The tiling error looks like it doesn't get the new tile pixel data, so it uses the old buffer again.
What can I do to prevent the corruption of my rendering?
Here is my rendering code structure:
for(y...){
for(x...){
// set viewport & translatef
glBindFramebuffer(GL_FRAMEBUFFER, fboId);
// glclear()
render_tile();
glFlush();
glBindFramebuffer(GL_FRAMEBUFFER, 0);
glBindTexture(GL_TEXTURE_2D, textureId);
glGetTexImage(GL_TEXTURE_2D, 0, GL_RGB, GL_UNSIGNED_BYTE, pixels);
glBindTexture(GL_TEXTURE_2D, 0);
copy_tile_pixels_to_output_image();
}
}
And here is the FBO initialization (only opengl related commands are shown):
// texture:
glGenTextures(1, &textureId);
glBindTexture(GL_TEXTURE_2D, textureId);
glTexImage2D(GL_TEXTURE_2D, 0, GL_RGBA8, TEXTURE_WIDTH, TEXTURE_HEIGHT, 0, GL_RGBA, GL_UNSIGNED_BYTE, 0);
glBindTexture(GL_TEXTURE_2D, 0);
// FBO:
glGenFramebuffers(1, &fboId);
glBindFramebuffer(GL_FRAMEBUFFER, fboId);
glGenRenderbuffers(1, &rboId);
glBindRenderbuffer(GL_RENDERBUFFER, rboId);
glRenderbufferStorage(GL_RENDERBUFFER, GL_DEPTH_STENCIL, TEXTURE_WIDTH, TEXTURE_HEIGHT);
glBindRenderbuffer(GL_RENDERBUFFER, 0);
glFramebufferTexture2D(GL_FRAMEBUFFER, GL_COLOR_ATTACHMENT0, GL_TEXTURE_2D, textureId, 0);
glFramebufferRenderbuffer(GL_FRAMEBUFFER, GL_DEPTH_ATTACHMENT, GL_RENDERBUFFER, rboId);
glFramebufferRenderbuffer(GL_FRAMEBUFFER, GL_STENCIL_ATTACHMENT, GL_RENDERBUFFER, rboId);
checkFramebufferStatus(); // will exit if errors found. none found, however.
glBindFramebuffer(GL_FRAMEBUFFER, 0);
Edit: as datenwolf noticed, the problem goes away by using glReadPixels().
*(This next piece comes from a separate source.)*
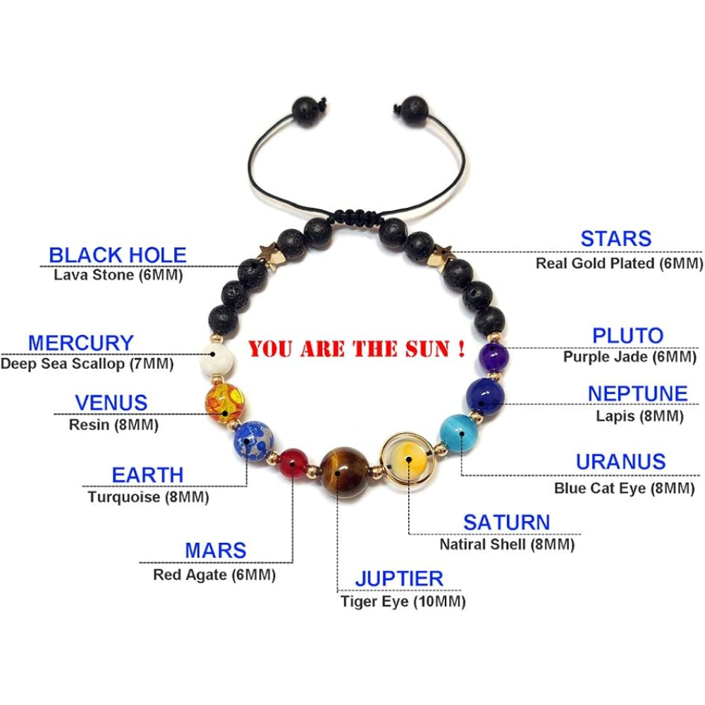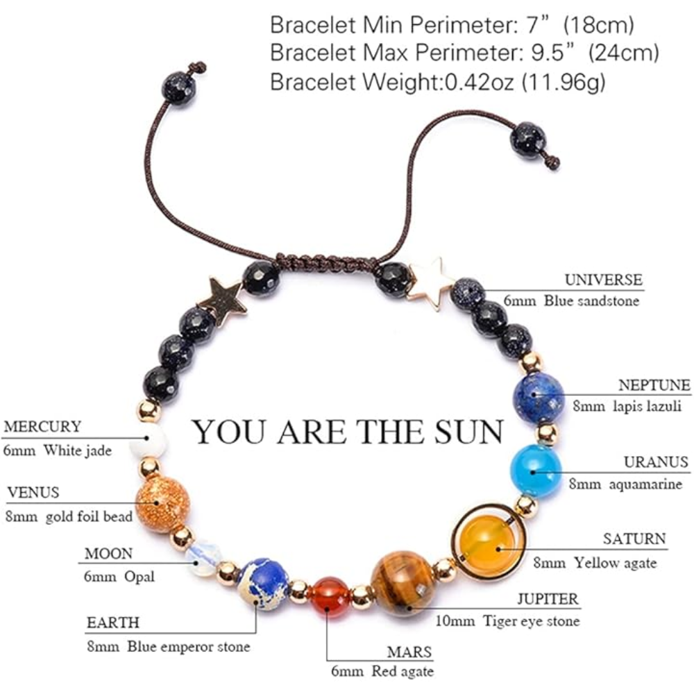 Discover the Solar System Planet Bracelet, a unique accessory designed to symbolize your central role in the universe, much like the sun. This bracelet aligns the planets and stars around you, channeling positive energy and harmony. When you wear it, envision yourself as the sun, surrounded by eight planets and stars, radiating warmth and balance.

But im not still sure why, so it would be good to know whats happening under the hood, to be sure it will not make such errors in any case in the future!
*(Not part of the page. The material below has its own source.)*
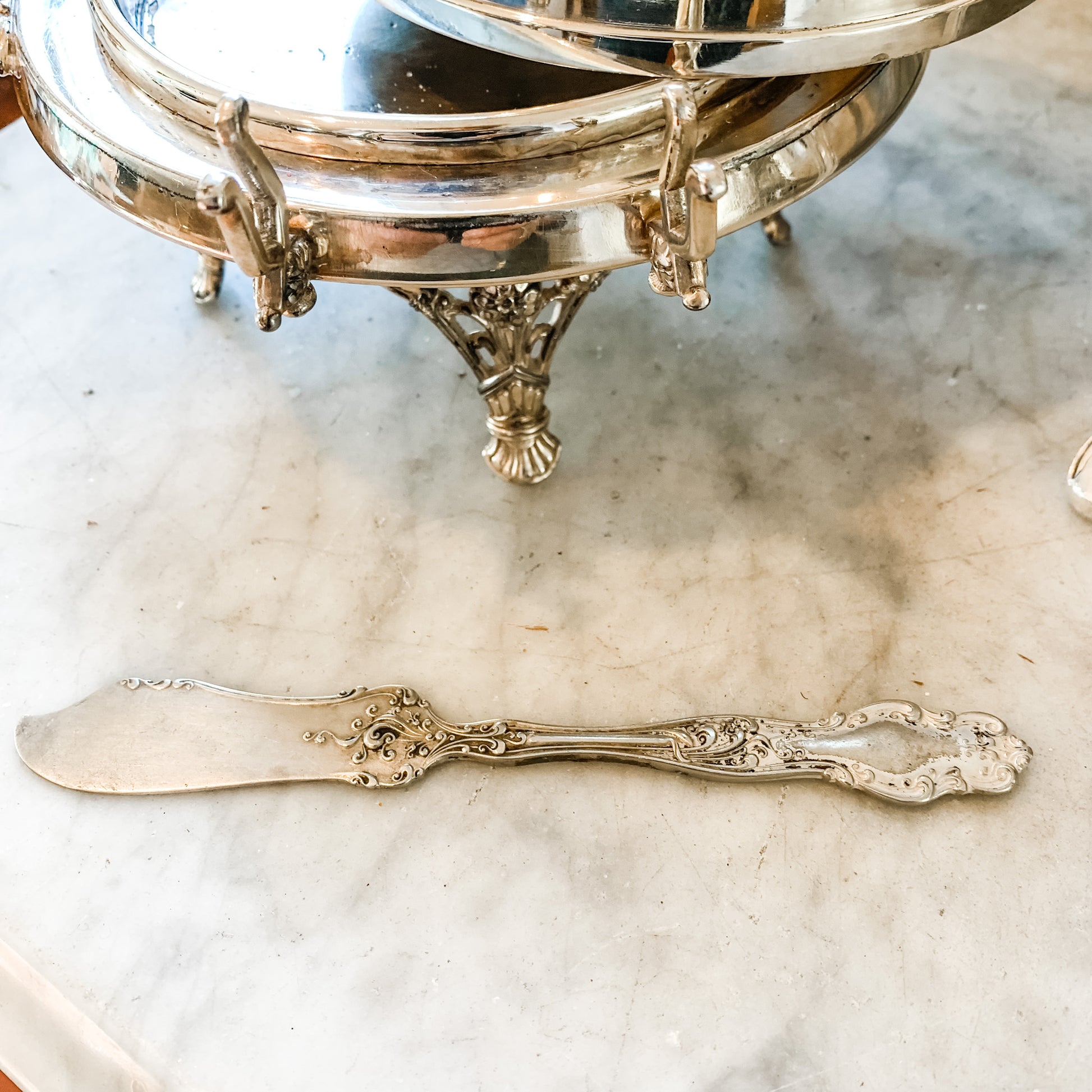 Here is a beautiful antique silver plate butter dome which was made by J. W. Tufts Silver Co in Boston.. Tufts silver company operated in the 1800's. Many pieces and original catalogues are in the Smithsonian Museum Collections. Interestingly Mr. Tufts founded the village of Pinehurst in North Carolina which now contains the renown Pinehurst Resort and golf course. This butter dome has lovely chased medallions on its highly domed lid. The original drain tray sits in the interior and the base sits on tall elaborately decorated legs. There is a holder for a butter knife on front, the ornate knife included while antique, is not original to this piece. It is in very good antique condition with a few minor tarnish areas. It stands 8.5" tall x 8 x 7.

The FBO itself is just an abstract object without its own backing image storage. Basically the FBO itself consists of only slots into which you can plug image sinks and sources. Textures can act as such, but there are also renderbuffers, which serve kind of the same purpose, but cannot be used as a texturing sample source
You can read back directly from a bound FBO using glReadPixels.